I definitely think HBM2 should and will be used. This thread depends on it.

You needed to read earlier posts, like this one, to understand why the confusion.

This time we have the DX12 factor. If this happens and Nvidia has three for AMD two, then AMD, in my opinion has lost the race again. Who will buy AMD 28nm then? The biggest % of profits [units sold x margin] is the mid-range. [I included GTX970 here]

The purpose of the halo cards although profitable in their own right, is to stimulate other sales. Why have a halo if you have nothing else except the low end. Also most of the development cost would have been all the redesigning, learning about 14nm, etc. The additional cost to develop a mid-range die would have been a small additional cost compared to what had been spent already.

This wait will be difficult.

Why would AMD forgo spending that additional mid-range development sum and risk loosing most of the middle ranges sales? Everyone on the Arstechnica thread are looking for traditional solutions to explain the performance gap. This thread is pursuing the possibility of another solution. Koduri said two versions of Polaris.

maddie · Jan 19, 2016

hrga225 said:
This is what I meant when I said amorphous approach.Blame 10 hour working day.
So in essence you do this on new difficult node:
1.Entry level GPU ~100mm2 - Do it traditional way.
2.Mid range GPU ~200mm2 - Build it for multi die approach with additional circuitry for data hopping to far die but without parts like multimedia,PCIe etc.It is full GPU in traditional sense.Build die with multimedia etc.Put dies with HBM on interposer.
3. Enthusiast level GPU ~400mm2 - Double 2. step
4. High end level GPU 600-1000 mm2 - Repeat 2. step until you run out of space,power,market or any combination of those three.
Success of this approach is how smart you are with interposer.Interposer itself becomes extension to both EACH DIE AND CLUSTER itself.
Or to put it this way one CANNOT function without the other.

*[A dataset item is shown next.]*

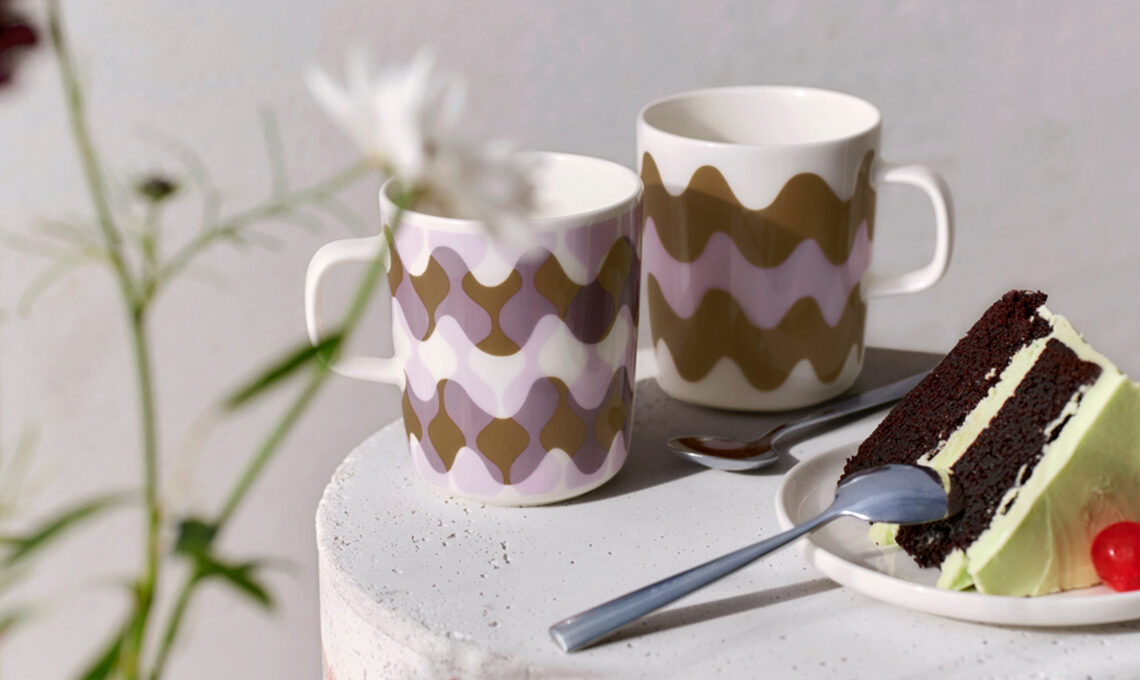 Marimekko per San Valentino ha lanciato una stampa inedita, che fonde insieme le linee ondulate di Lokki con le forme di Pergola: la capsule collection comprende tazze, borse, cuscini e, naturalmente, la stoffa al metro.

@maddie May I point out that you should not get too much hanged on layout of current chips.I know that data locality is what bothers you,but you have to remember that interposer on Fiji routed same stuff that Hawaii routed through PCB in basically same way.It was in no way extension of Fiji itself,"just fancy PCB".

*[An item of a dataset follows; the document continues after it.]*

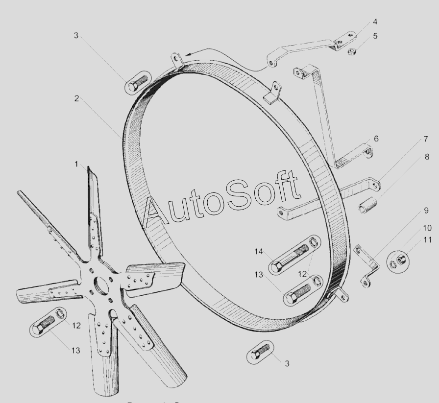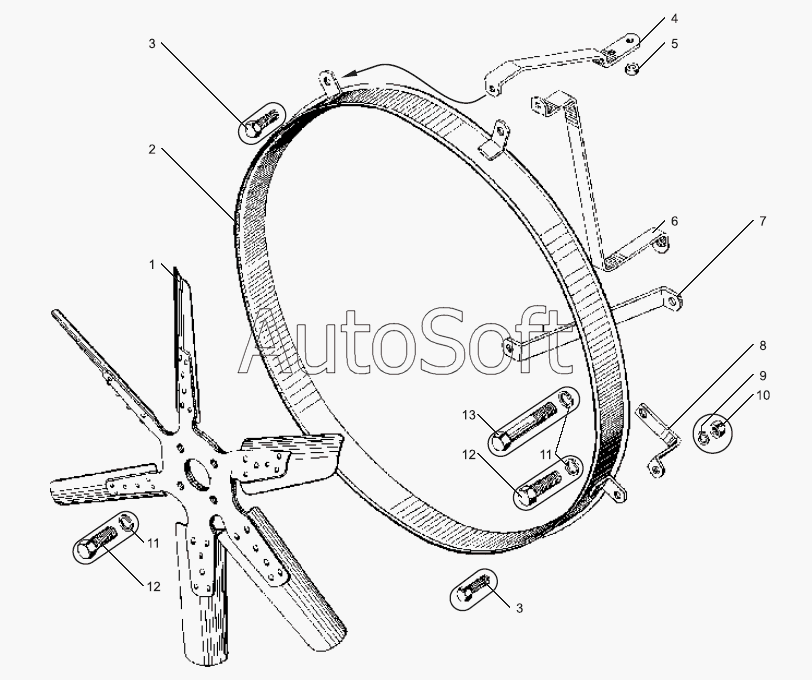 ЯМЗ | ЯМЗ-238НД3, НД4, НД5 (2002) | 238БЕ-1308012 | Крыльчатка вентилятора в сборе | Вентилятор и привод вентилятора двигателя ЯМЗ-238НД5 |

Yes, the data locality is a concern of mine. In an ideal world, the best designs will maximize this, but we both know about ideal worlds.

My steps as compared to yours:
1.Entry level GPU ~100mm2 - Do it traditional way. GDDR5 [ agree with you = Polaris 10]
Polaris 11 = 2 die
Die [A] = central unit common to all versions ~ 75mm^2
Die = Shader engine unit with a single stack HBM memory controller ~ 125mm^2

2.Mid range GPU ~200mm^2 - [A] + 1 stack HBM2
3. Enthusiast level GPU ~325mm^2 - [A] + 2 x 2 stacks HBM2
4. High end level GPU~ 575mm^2 - [A] + 4 x 4 stacks HBM2

The interesting thing here is the max Die size of 125mm^2. Depending on the actual present yields of the 14nm process, the cost savings relative to a 300mm^2 monolithic Die, might make the interposer and HBM cost the same as GDDR5 or even less.

I think we are in close agreement. That step 4 you mentioned 600-1000mm^2 is missed by many. The interposer base itself is NOT limited by the reticle limit. Only the traces must fit into a single mask. With the microbump density being around 500/mm^2, I can see a mask design overlaying all the possible trace paths needed for different parts of the interposer and only the ones needed for the individual specific die-die connection being used. A Fiji sized multi-Die interposer would need 2 mask exposures, left and right.

Do you propose having the [Compute engines, Command processor,Scheduler, Global Data Share and L2 Cache] in the central shared unit.
If these were split into the sub-units, the data transfers to maintain the single GPU characteristics could cost too much in energy use.

hrga225 · Jan 19, 2016

maddie said:
Do you propose having the [Compute engines, Command processor,Scheduler, Global Data Share and L2 Cache] in the central shared unit. If these were split into the sub-units, the data transfers to maintain the single GPU characteristics could cost too much in energy use.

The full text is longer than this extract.